■ **THE PROBLEM**
With the images removed, write out every line below exactly.

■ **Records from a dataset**
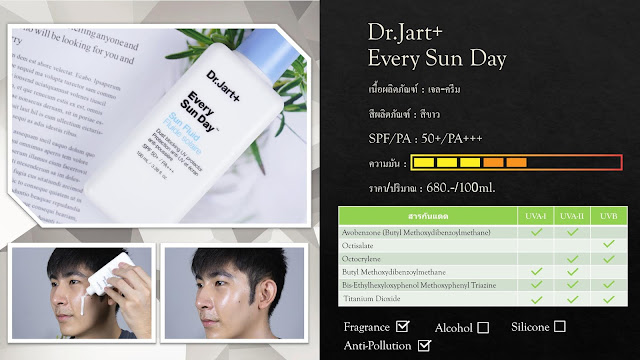 Dr.Jart+ เป็นอีกหนึ่งแบรนด์ที่มีผลิตภัณฑ์น่าสนใจค่อนข้างเยอะ แถมยังทำราคาออกมาได้น่ารักทีเดียว อย่าง Dr.Jart+ Every Sun Day SPF50+ PA+++ ขวดนี้ที่เรามองว่า ราคา/ปริมาณ ทำออกมาได้เด็ดดวงมากทีเดียวหละครับ แถมในแง่ของประสิทธิภาพกันแดดเมื่อพิจารณาจากสารกันแดดแล้วก็จัดว่าดีทีเดียวกันแดดได้ครบและค่อนข้างเสถียร
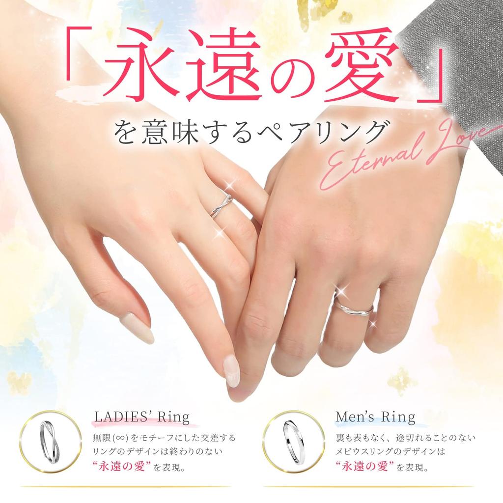 [Сочетание, означающее «вечная любовь»] Каждое кольцо создано с мотивом вечной любви.. Мужское кольцо выражает «вечную любовь» с мотивом непрерывного кольца Мёбиуса без передней и задней части.. Женское кольцо имеет дизайн пересекающихся колец с мотивом бесконечности, выражающим бесконечную «вечную любовь». Это кольцо идеально подходит для создания соответствующего образа.
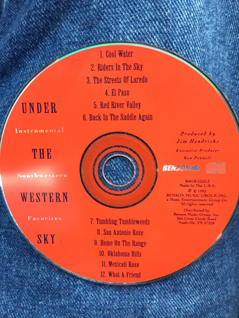 The last CD, Under The Western Sky, was soft cowboy songs on guitars and fiddles that started playing about 6:30 PM.
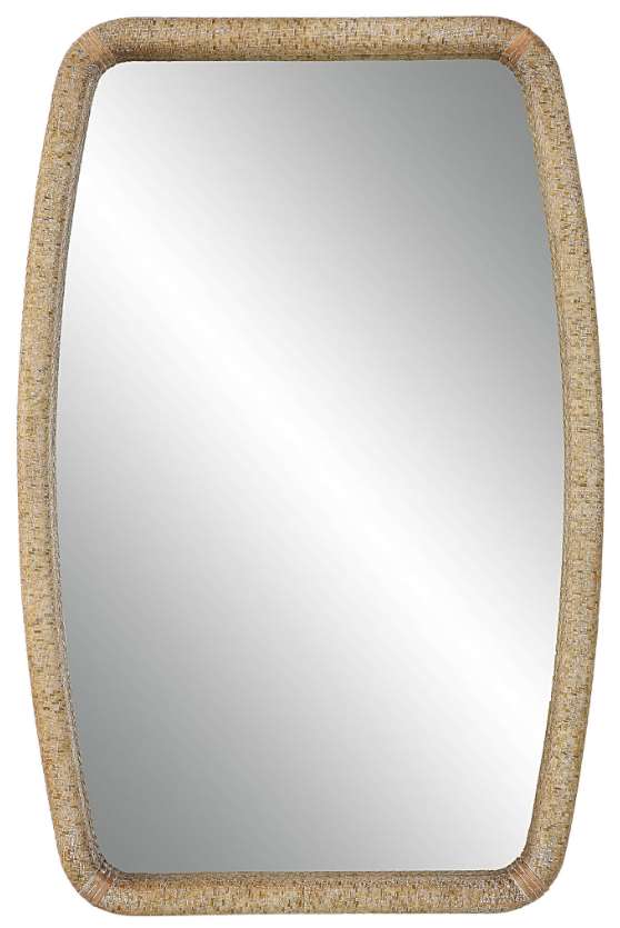 Utilizing natural materials that blend with virtually any style, this mirror features a wooden frame with a wrapped woven rattan design. May be hung horizontally or vertically. Make a bold statement by incorporating this stunning home decor into your home.Read More
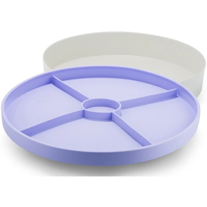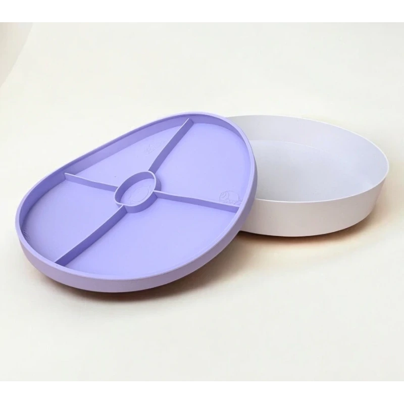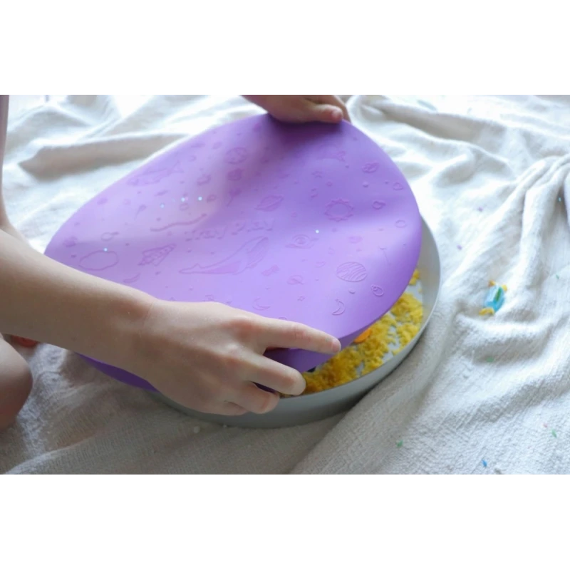 🔹 Górna tacka – wykonana z miękkiego, przyjemnego w dotyku silikonu z tłoczonymi wzorami i przegródkami. Doskonała do sortowania, odbijania kształtów w ciastolinie, eksploracji dotykowej oraz jako talerz na przekąski.
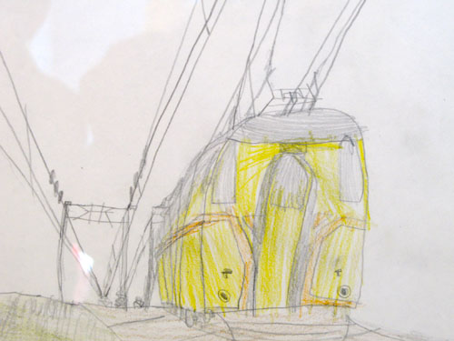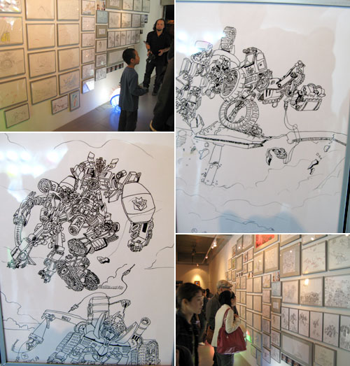 任何空白時刻,即會隨處尋找紙和筆,專注而安靜的投入於自己建構的繪畫世界中。
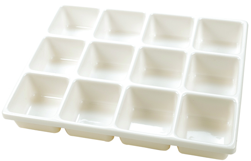 Plastic organization trays are very sturdy. Use for carrying items such as stir bars, connectors etc. Useful for knick knacks - rulers, erasers, pencils etc, in desk drawers. Central compartment of five cavity tray can be used for pipettes.
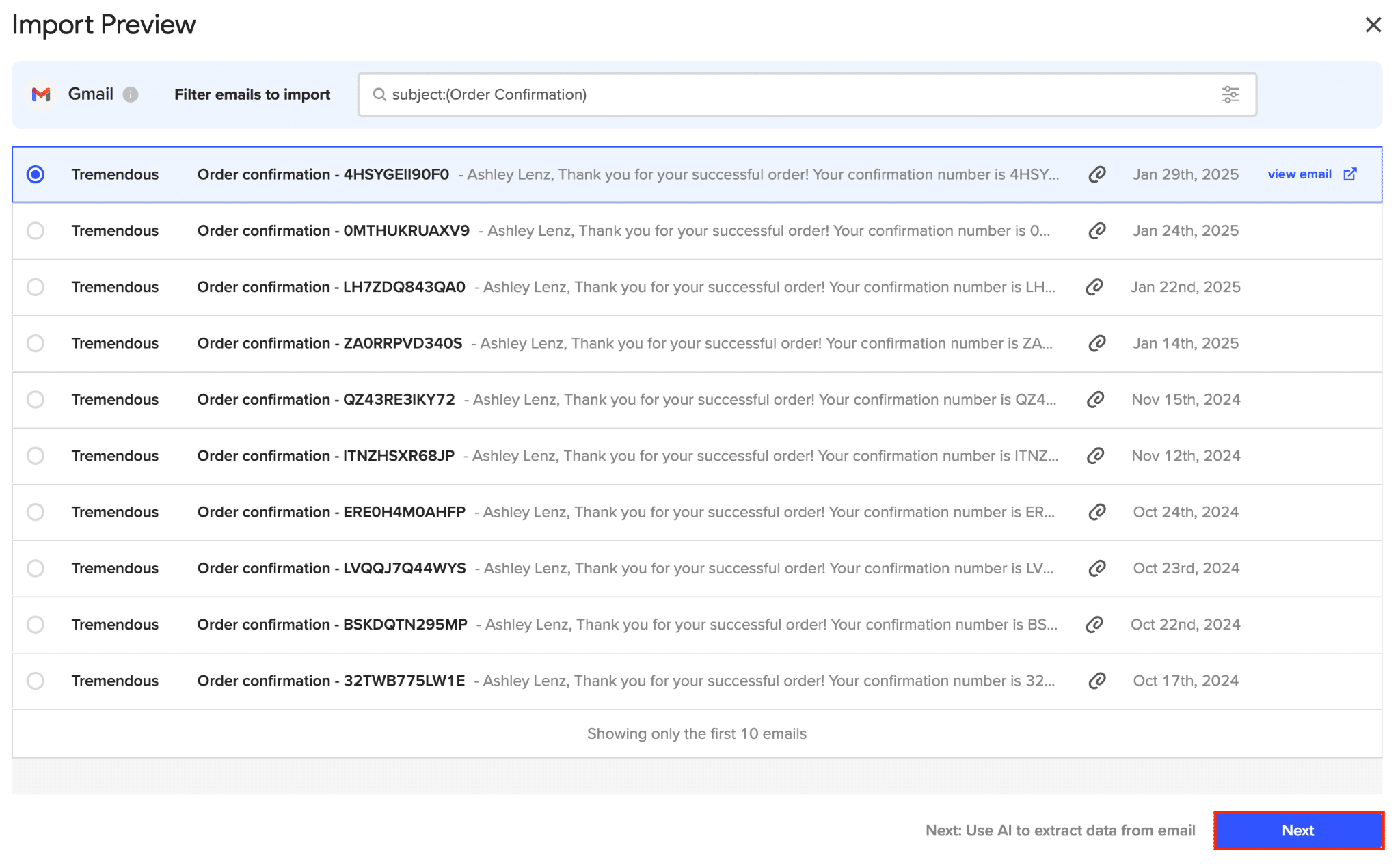 3. Monitor order confirmations: Import order confirmation emails to track sales trends and customer purchasing patterns.

■ **SOLUTION FOR THIS PROBLEM**
 Dr.Jart+ เป็นอีกหนึ่งแบรนด์ที่มีผลิตภัณฑ์น่าสนใจค่อนข้างเยอะ แถมยังทำราคาออกมาได้น่ารักทีเดียว อย่าง Dr.Jart+ Every Sun Day SPF50+ PA+++ ขวดนี้ที่เรามองว่า ราคา/ปริมาณ ทำออกมาได้เด็ดดวงมากทีเดียวหละครับ แถมในแง่ของประสิทธิภาพกันแดดเมื่อพิจารณาจากสารกันแดดแล้วก็จัดว่าดีทีเดียวกันแดดได้ครบและค่อนข้างเสถียร
 [Сочетание, означающее «вечная любовь»] Каждое кольцо создано с мотивом вечной любви.. Мужское кольцо выражает «вечную любовь» с мотивом непрерывного кольца Мёбиуса без передней и задней части.. Женское кольцо имеет дизайн пересекающихся колец с мотивом бесконечности, выражающим бесконечную «вечную любовь». Это кольцо идеально подходит для создания соответствующего образа.
 The last CD, Under The Western Sky, was soft cowboy songs on guitars and fiddles that started playing about 6:30 PM.
 Utilizing natural materials that blend with virtually any style, this mirror features a wooden frame with a wrapped woven rattan design. May be hung horizontally or vertically. Make a bold statement by incorporating this stunning home decor into your home.Read More
 🔹 Górna tacka – wykonana z miękkiego, przyjemnego w dotyku silikonu z tłoczonymi wzorami i przegródkami. Doskonała do sortowania, odbijania kształtów w ciastolinie, eksploracji dotykowej oraz jako talerz na przekąski.
 任何空白時刻,即會隨處尋找紙和筆,專注而安靜的投入於自己建構的繪畫世界中。
 Plastic organization trays are very sturdy. Use for carrying items such as stir bars, connectors etc. Useful for knick knacks - rulers, erasers, pencils etc, in desk drawers. Central compartment of five cavity tray can be used for pipettes.
 3. Monitor order confirmations: Import order confirmation emails to track sales trends and customer purchasing patterns.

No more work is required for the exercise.